Solve for Z Z^2=49
In this problem, you are being asked to find all values of the variable Z that would satisfy the equation when Z is squared (Z^2) equals 49. Essentially, you need to figure out what number(s) Z can be so that when you square that number, the result is 49.
$Z^{2} = 49$
Isolate the variable by applying the square root to both sides of the equation. $Z = \pm \sqrt{49}$
Find the square root of 49.
Express 49 as a square of an integer. $Z = \pm \sqrt{7^{2}}$
Extract the square root of the perfect square. $Z = \pm 7$
Determine both solutions from the positive and negative roots.
For the positive root: $Z = 7$
For the negative root: $Z = -7$
Combine both solutions to present the final answer. $Z = 7 , -7$
To solve an equation where the variable is squared, one typically takes the square root of both sides.

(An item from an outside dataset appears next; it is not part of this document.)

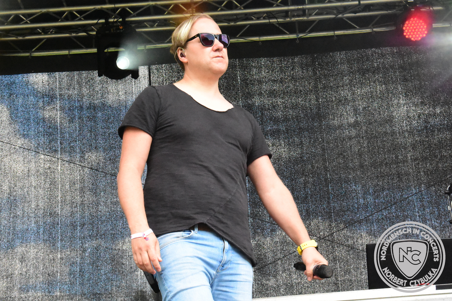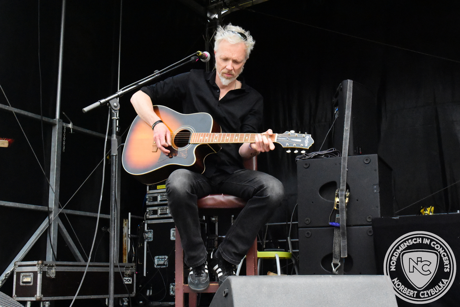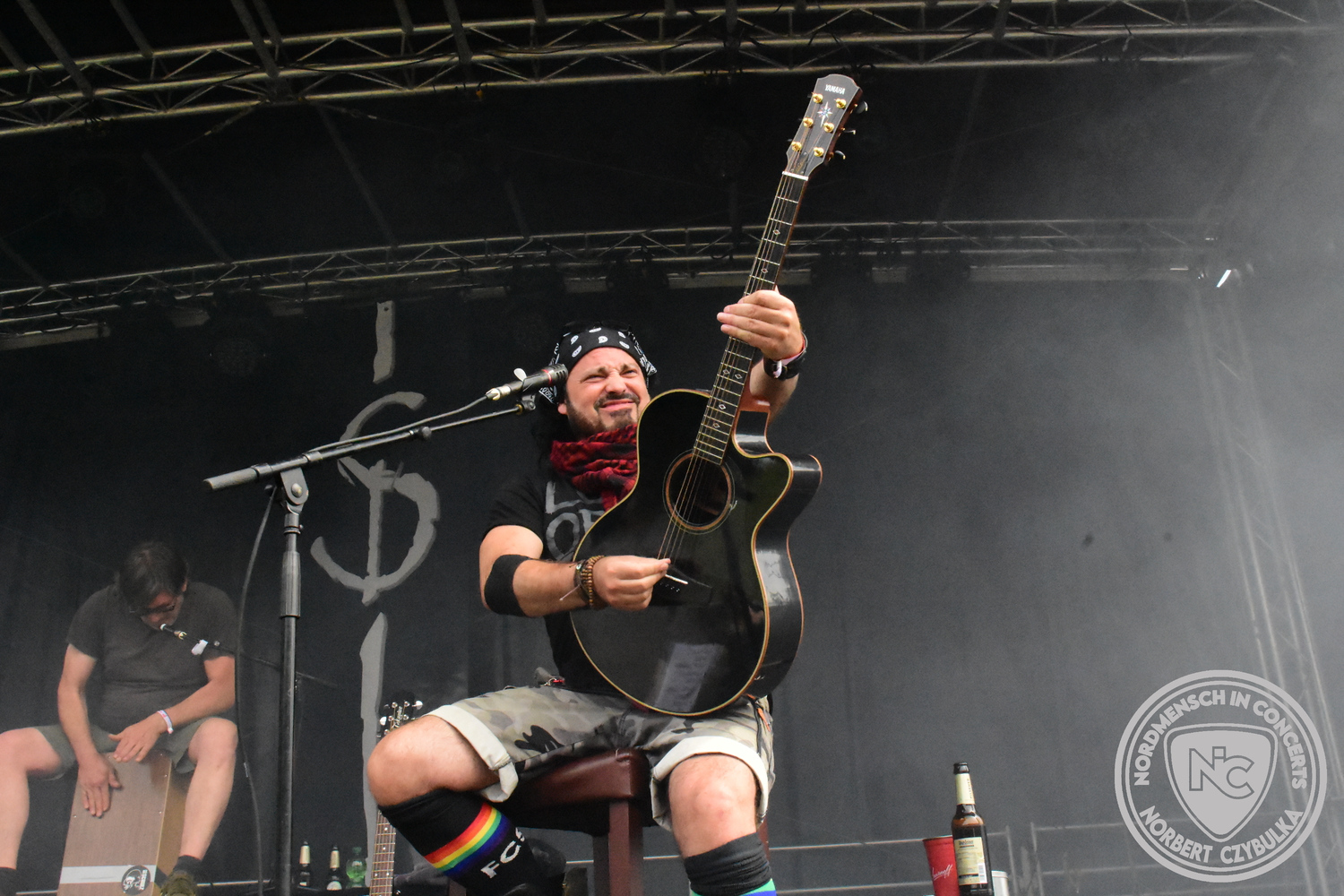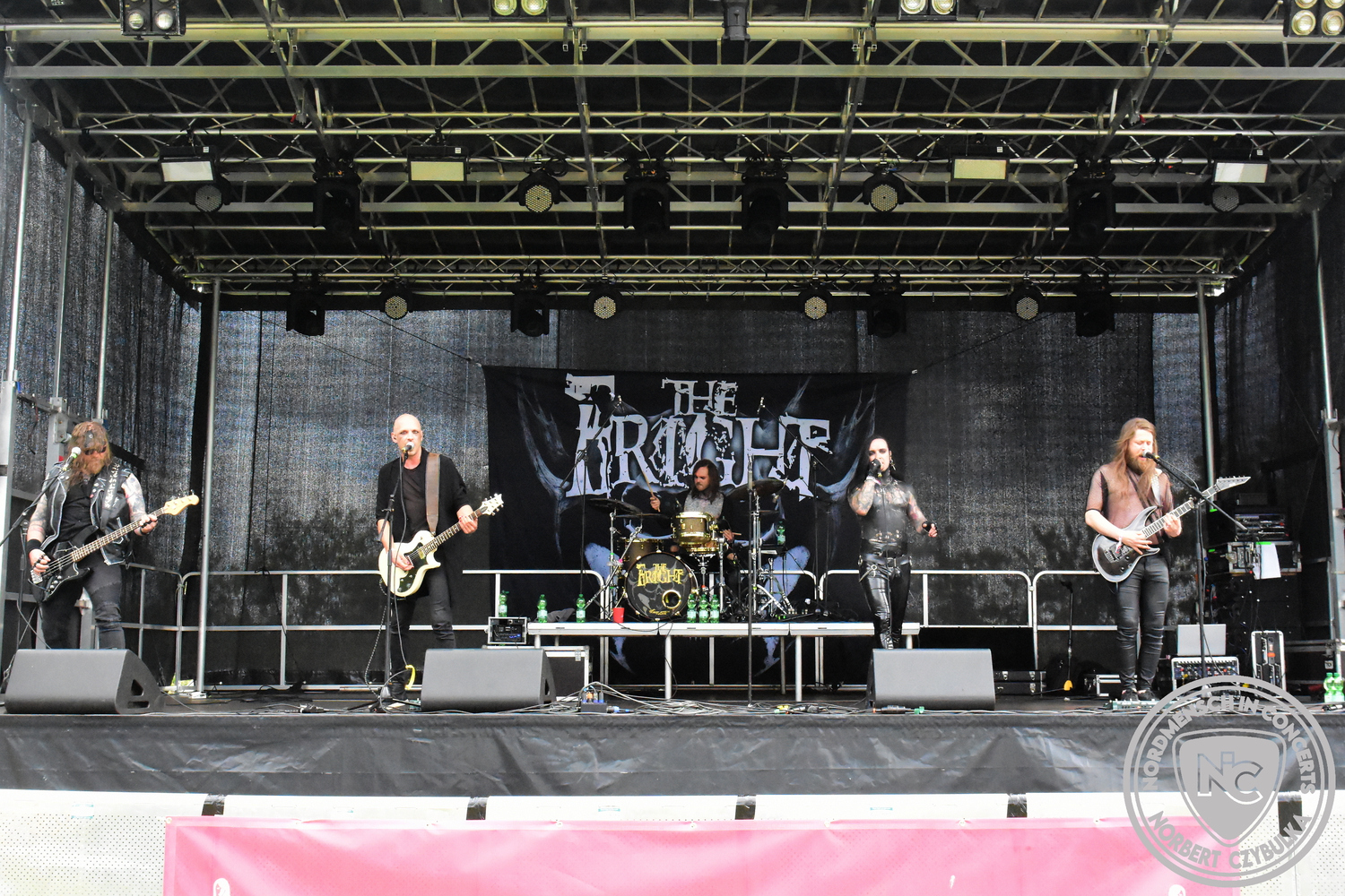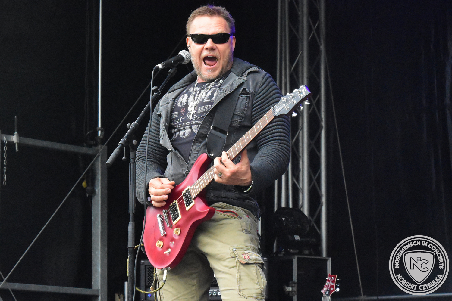 Dann wieder der krasse musikalische Gegensatz. Rauhbein ist eine deutsche Folk-Rock-Band um Sänger Henry M. Rauhbein aus Velmeden, Hessisch Lichtenau, Hessen.“ so sagt es Wikipedia. Auch sie waren schon einmal auf dem Burning Pants und sind in den Kreis der Familie aufgenommen worden. Nach einem Fauxpas bei einem Konzert in Worms und dem folgenden Social-Media Beitrag, kommt die Festival Chefin auf die Bühne und klärt auf. Niemals singen die Festival-Besucher weniger als bei anderen Konzerten mit und Unterwäsche kann man schließlich nicht auf die Bühne werfen. Man hätte ja gar keine an! Die Menge wirft daraufhin mit gehäkelten Figuren. Henry verspricht pro Utensil zwei Euro an das Kinderhospiz, welches das Festival unterstützt, zu spenden und muss biertrinkend an einem Stehtisch mit ansehen, wie das Publikum den letzten seiner Songs mehr als 16 Minuten zum Konzertende singt. Der Stagemanager nimmt die daraus entstehende Verzögerung gelassen hin, denn die nachfolgende Deutschrock-Band Kärbholz steht mit der Security auf dem Wellenbrecher und feuert die Menge an. Fünf Minuten bleiben den Deutschrockern aus Ruppichteroth an Pause und Soundcheck. Ruppichteroth liegt irgendwo mitten im Ruhrgebiet. Vor 20 Stunden noch im bayrischen Holledau auf der Bühne gestanden, rocken sie nun den Norden Niedersachsens. Adrian hat zum Beginn Probleme mit der Gurtaufhängung an seiner Gitarre, seine Crew ist jedoch fix und der Rest des Konzerts verläuft reibungslos.

This process is based on the principle that if $a^2 = b$, then $a = \pm \sqrt{b}$, where $\pm$ indicates that both the positive and negative square roots should be considered.
When simplifying the square root of a perfect square, such as $49$, it's helpful to recognize that $49$ is $7^2$. Thus, the square root of $49$ is $7$, and because of the $\pm$ symbol, we consider both $7$ and $-7$.
The final solution to an equation with a squared variable will often have two possible values, one positive and one negative, unless the context of the problem restricts the solution to only positive or only negative values.
In this case, since there are no such restrictions, both $7$ and $-7$ are valid solutions for $Z$ when $Z^2 = 49$.